公元前313年,楚国一夜之间从天下最强,沦为任人宰割的弱国。
不是因为打了败仗,不是因为国力衰退,而是因为楚怀王亲手拆掉了自己最坚固的城墙——齐楚联盟。
两千年后回头看,当年张仪对楚国使的那套手段,跟今天某些大国的套路,简直一模一样。
区别在于,楚怀王上当了,而今天的中国,没有。
公元前313年,齐国和楚国联起手来了。
一东一南,两把钳子夹住了秦国东扩的路。硬打打不动,秦惠文王把张仪派了出去。
张仪到楚国后,先不谈正事。重金收买楚怀王宠臣靳尚,借献美女之名接近楚怀王,把楚国宫廷的底摸了个透。
铺垫做完,才亮出底牌。
"大王只要跟齐国断交,秦国愿献上商於之地六百里。"
商於在武关道通往南阳盆地的咽喉地带,楚国觊觎了几十年。这份"礼"精准到楚怀王很难说不。
这就是张仪的第一步——造幻觉。 不是随便画饼,而是把饼画成对方做梦都想吃的那一口。

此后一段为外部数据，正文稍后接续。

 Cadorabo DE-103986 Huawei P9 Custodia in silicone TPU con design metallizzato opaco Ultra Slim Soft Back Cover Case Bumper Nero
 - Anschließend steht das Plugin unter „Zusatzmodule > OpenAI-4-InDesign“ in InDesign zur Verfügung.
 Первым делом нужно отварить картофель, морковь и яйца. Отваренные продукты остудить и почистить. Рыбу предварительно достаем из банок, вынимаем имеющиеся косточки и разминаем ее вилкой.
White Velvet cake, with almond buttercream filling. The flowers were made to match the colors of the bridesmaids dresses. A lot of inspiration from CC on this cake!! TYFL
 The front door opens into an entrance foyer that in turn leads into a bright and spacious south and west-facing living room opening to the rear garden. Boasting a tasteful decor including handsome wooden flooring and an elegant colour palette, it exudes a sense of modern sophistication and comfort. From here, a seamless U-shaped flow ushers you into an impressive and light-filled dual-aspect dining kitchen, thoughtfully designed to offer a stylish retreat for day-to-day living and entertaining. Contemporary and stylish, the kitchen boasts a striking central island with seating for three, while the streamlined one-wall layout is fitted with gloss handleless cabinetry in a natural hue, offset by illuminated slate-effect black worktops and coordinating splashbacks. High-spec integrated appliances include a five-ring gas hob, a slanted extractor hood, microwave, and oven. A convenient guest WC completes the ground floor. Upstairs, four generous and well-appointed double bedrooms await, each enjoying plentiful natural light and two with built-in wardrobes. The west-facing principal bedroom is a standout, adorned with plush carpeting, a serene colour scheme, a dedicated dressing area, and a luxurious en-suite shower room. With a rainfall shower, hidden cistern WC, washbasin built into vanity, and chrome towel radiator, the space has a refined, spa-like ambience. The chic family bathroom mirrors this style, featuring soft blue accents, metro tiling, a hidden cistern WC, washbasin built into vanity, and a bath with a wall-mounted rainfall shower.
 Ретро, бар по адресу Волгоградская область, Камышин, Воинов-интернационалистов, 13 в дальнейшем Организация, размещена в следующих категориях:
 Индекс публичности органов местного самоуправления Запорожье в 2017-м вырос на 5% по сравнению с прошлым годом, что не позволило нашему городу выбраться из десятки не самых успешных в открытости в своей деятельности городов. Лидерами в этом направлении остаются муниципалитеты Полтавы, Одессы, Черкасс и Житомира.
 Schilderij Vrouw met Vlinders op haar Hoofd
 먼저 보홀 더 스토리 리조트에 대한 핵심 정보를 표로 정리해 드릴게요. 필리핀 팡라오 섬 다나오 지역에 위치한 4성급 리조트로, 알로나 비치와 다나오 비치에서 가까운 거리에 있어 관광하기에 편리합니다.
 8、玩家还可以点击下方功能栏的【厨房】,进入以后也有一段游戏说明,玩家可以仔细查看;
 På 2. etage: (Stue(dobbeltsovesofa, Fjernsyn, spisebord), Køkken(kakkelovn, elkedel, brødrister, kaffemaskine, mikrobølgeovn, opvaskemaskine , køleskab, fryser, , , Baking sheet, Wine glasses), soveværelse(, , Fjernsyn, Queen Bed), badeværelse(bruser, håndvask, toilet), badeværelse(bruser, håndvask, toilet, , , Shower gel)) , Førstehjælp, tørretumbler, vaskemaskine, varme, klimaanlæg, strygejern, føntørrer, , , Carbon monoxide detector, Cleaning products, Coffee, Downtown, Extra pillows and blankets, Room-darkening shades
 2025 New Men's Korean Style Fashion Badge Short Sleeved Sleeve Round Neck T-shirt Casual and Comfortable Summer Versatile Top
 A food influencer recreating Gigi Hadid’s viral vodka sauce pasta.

谋士陈轸站出来说:"齐楚一断,楚国在秦国眼里就一文不值了,六百里地根本不会给。"
屈原也表示反对。
满朝文武的欢呼声淹没了这两个人的声音。 楚怀王下令,正式与齐国断交。
这是张仪的第二步——断后路。 断后路的不是张仪,是楚怀王自己。
张仪回到秦国后声称坠马受伤,三个月不露面,拖着不办手续。
楚怀王急了,派人跑到齐国边境当面大骂齐宣王,以此证明断交的决心。
齐楚之间最后一根线,被楚怀王亲手剪断了。
张仪的"伤"立刻好了,淡淡对楚国使者说:"我有封邑六里,愿意献给大王。"
六百里,变六里。楚怀王暴怒,举全国之兵伐秦。
这就是第三步——激冲动。 六里地的侮辱是蓄意的,就是要把楚怀王的理智彻底烧掉。
没有齐国帮忙的楚军,在丹阳被秦齐联军打得全军覆没。八万将士阵亡,七十多位将领被俘。
整个过程中,张仪没动一兵一卒,只用一张嘴完成了三件事——让楚国自己断了盟友,自己丢了理智,自己冲进了陷阱。
很多人把丹阳惨败的锅甩给楚怀王一个人,说他是千古第一蠢君。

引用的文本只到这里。